Chairman of the Business, Innovation and Skills Select Committee
- In office 18 June 2015 – 12 July 2017
- Preceded by: Adrian Bailey
- Succeeded by: Rachel Reeves

Parliamentary Under Secretary of State for 14-19 Reform and Apprenticeships
- In office 9 June 2009 – 11 May 2010
- Prime Minister: Gordon Brown
- Preceded by: Sarah McCarthy-Fry (as PUS for Schools and Learners)

Member of Parliament for Hartlepool
- In office 30 September 2004 – 3 May 2017
- Preceded by: Peter Mandelson
- Succeeded by: Mike Hill

Personal details
- Born: Iain David Wright 9 May 1972 (age 54) Hartlepool, County Durham, England
- Party: Labour
- Spouse: Tiffiny Wright
- Alma mater: University College London

= Iain Wright =

British politician (born 1972)

Iain David Wright (born 9 May 1972) is a British Labour Party politician who was the Member of Parliament (MP) for Hartlepool from the 2004 Hartlepool by-election until 2017, and served also as the Chairman of Business Innovation and Skills Committee.

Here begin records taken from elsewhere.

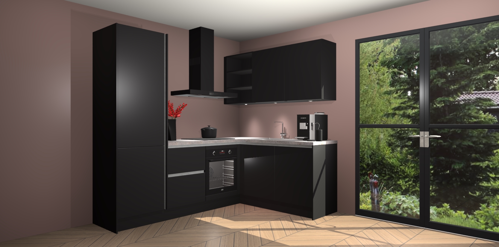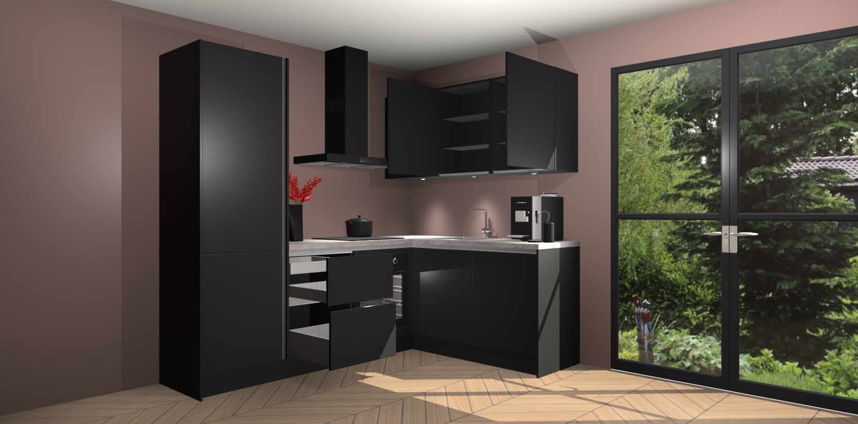Wauw, dit is de Zwarte greeploze keuken Pilsen! U kunt gerust zeggen dat u elegantie combineert met functionaliteit met deze keuken. Met een modern en chique ontwerp is de keuken precies wat u nodig heeft om uw ruimte te verfraaien. De binnenzijde van de kasten is in dezelfde donkere kleur als de buitenzijde voor een uniforme look, compleet met softclose-kasten die stil sluiten.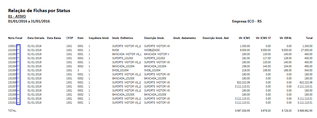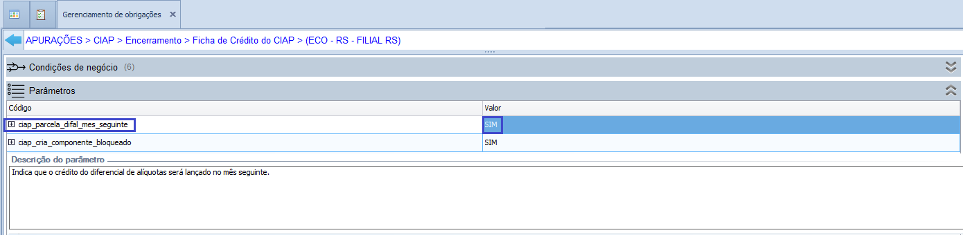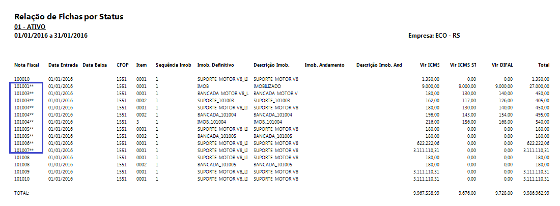 O relatório apresenta ** (asterisco) após o número das notas fiscais, para informar que as mesmas têm o DIFAL deslocado para o mês seguinte, com base no parâmetro “ciap_parcela_difal_mes_seguinte”.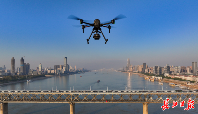 普宙科技无人机在武汉长江大桥上空往上、下游方向进行测绘、巡检。 长江日报记者胡冬冬 摄

He was previously Parliamentary Under-Secretary of State with responsibility for apprenticeships, and 14 to 19 reform in the Department for Children, Schools and Families until 11 May 2010.

In April 2017, he announced that he would not be seeking re-election at the snap election of 2017.

==Early life==
Wright was born in Hartlepool and graduated with a BA in 1994, and MA in 1995 in History from University College London. That year, he joined the Labour Party and was elected as an officer of Cleveland and Richmond Young Labour. He worked as a chartered accountant for Deloitte & Touche from 1996 to 2003, and for the One NorthEast RDA from 2003 to 2004, prior to his election to Parliament.

He was elected as a councillor for the Rift House ward of Hartlepool Borough Council in 2002, and a served on the council's Cabinet with responsibility for performance management.

==Parliamentary career==
He was the only Hartlepool member on the shortlist when Peter Mandelson stepped down as Labour MP for the town in September 2004, and was easily selected as the Labour Party candidate for the by-election.

During the later stages of the campaign, three local members, one of whom featured in Conservative Party leaflets and another of whom had earlier failed to win the nomination, were reported in the Guardian (which subsequently endorsed Liberal Democrat rival Jody Dunn) to have been unhappy that no other local candidate had been available.

The Labour Party dismissed the claims as having come from the "usual suspects". One subsequently apologised, and another was expelled.

During the campaign, Wright highlighted the Labour government's controversial policies for tackling anti-social behaviour as well as the Liberal Democrats' refusal to support such measures in Parliament and stressed his local origins, in contrast to his main rival's. On polling day (30 September 2004), Wright was elected with a majority of 2,033, reduced from Mandelson's majority of 14,571.

The campaign was unusually long for British by-elections, effectively having begun on 22 July (the day Peter Mandelson announced his intention to become a European Commissioner), seventy-one days before polling day itself.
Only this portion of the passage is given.